The camp of Chief Justice Maria Lourdes Sereno maintained that she had complied with all the JBC requirements, including the submission of Statements of Assets, Liabilities and Net Worth (SALNs), when she was being considered for the top judicial post in 2012.

“The fact that the JBC shortlisted the Chief Justice means its members, including Associate Justice Diosdado Peralta who was then the acting chair, found her documentary submissions complete and compliant with the rules,” lawyer Jojo Lacanilao, one of Sereno’s spokespersons, said.

At the time the JBC was screening the candidates for Chief Justice in 2012, Lacanilao noted that Sereno submitted three SALNs which she filed since she was appointed Associate Justice of the Supreme Court in 2010.

The SALNs covered the years 2009, 2010 and 2011. Sereno was in private practice prior to her appointment to the high court.

Testifying before the House Committee on Justice on Monday, JBC executive officer Ty-Capacite said
it was Senator Escudero, then a JBC member representing Congress, who raised the issue of “substantial compliance” in one of the deliberations of the council.

She said Escudero had pointed out that a candidate may be considered for as long as there was “substantial compliance or an attempt to comply with the requirement” on the submission of SALNs.

Meanwhile, Lacanilao criticized Justice Peralta for pulling a “Pontius Pilate” move when he said he was not fully aware of the issue on SALN submission.

Peralta told the House justice panel said that had he known the issue surrounding Sereno’s SALNs, he would have objected to her inclusion in the shortlist of nominees submitted to then President Benigno Aquino III for his appointment.

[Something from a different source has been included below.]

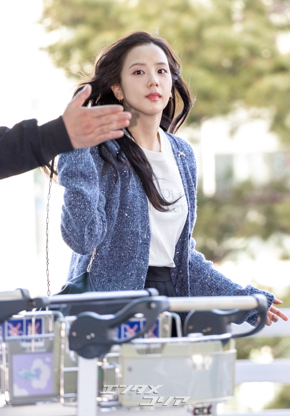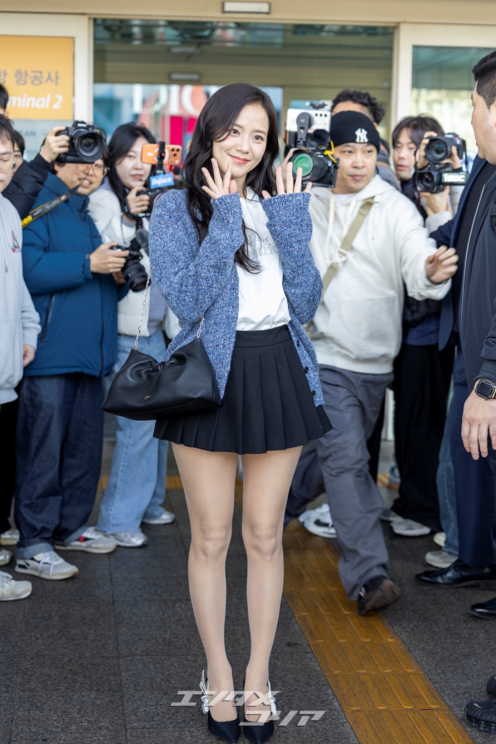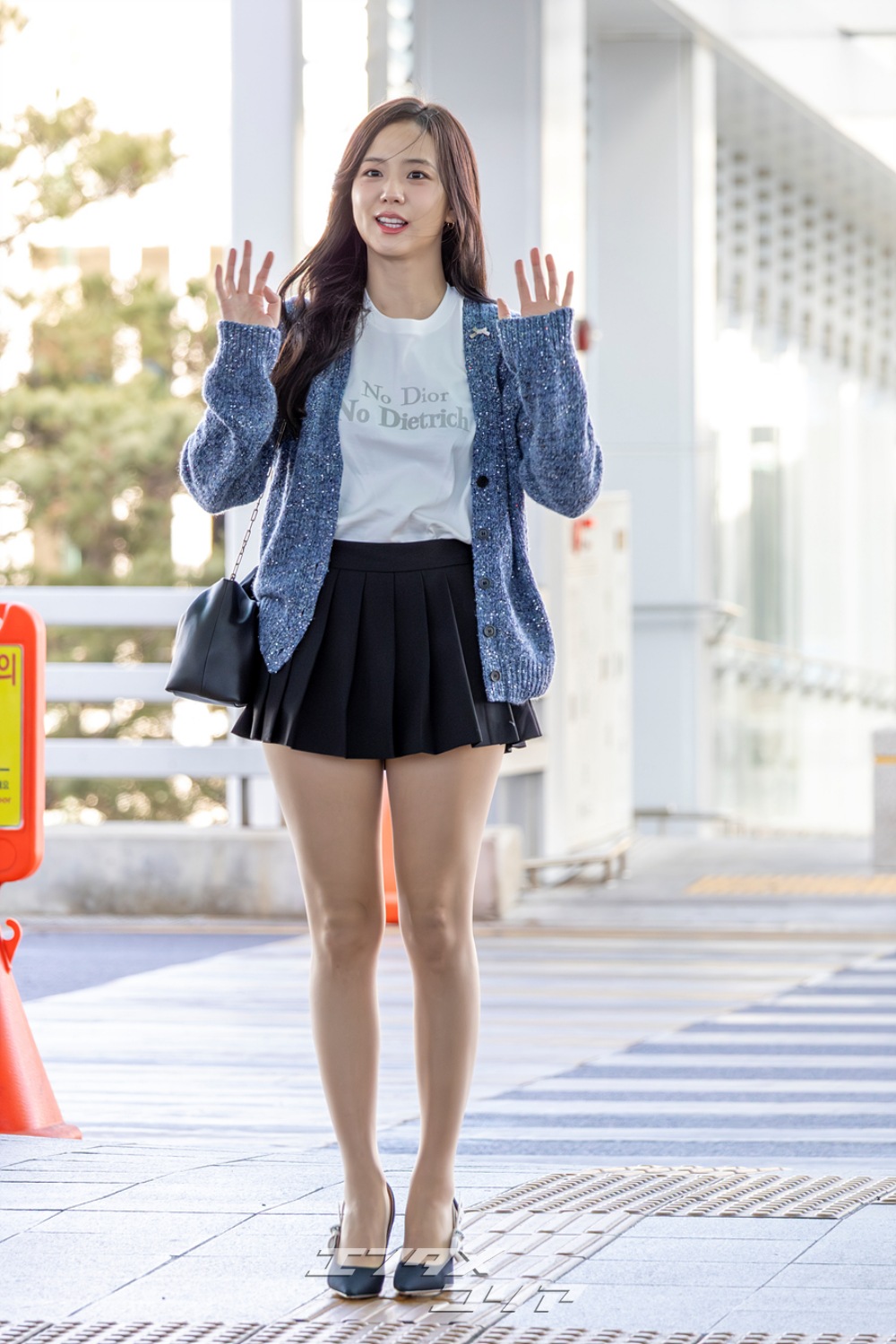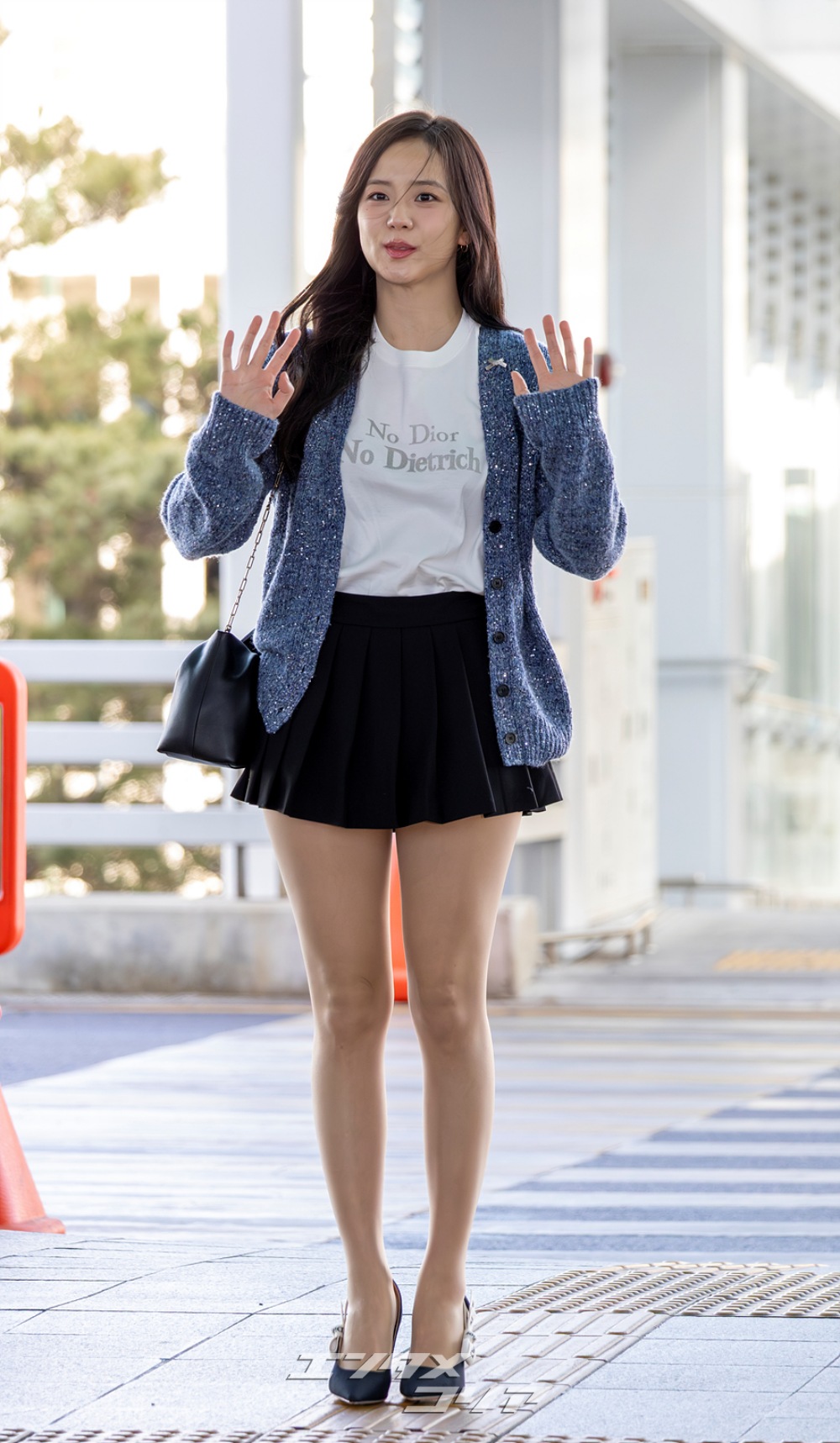 この日のジスはメランジ・ブルーのカーディガンに黒のミニプリーツスカートを合わせ、清楚な印象と共に美脚が際立つ空港ファッションを披露した。

“It is clear to us that Justice Peralta wants to wash his hands clean of how Chief Justice Sereno was included in the JBC shortlist and he knows it,” Lacanilao said.

He said that as acting chair of the JBC, Peralta signed the endorsement letter to Malacañang containing the list of nominees for the Chief Justice post, which included the names of Sereno and seven other candidates.

According to Lacanilao, Peralta has an axe to grind against Sereno because his wife, Court of Appeals Associate Justice Audrey Peralta, was excluded from the shortlist of nominees for CA Presiding Justice that the JBC submitted to President Duterte last year after she filed her requirements out of time. Sereno is currently the ex-officio chair of the JBC.

He noted that Peralta has repeatedly complained about his wife’s exclusion from the said JCB shortlist in all the impeachment hearings he was present.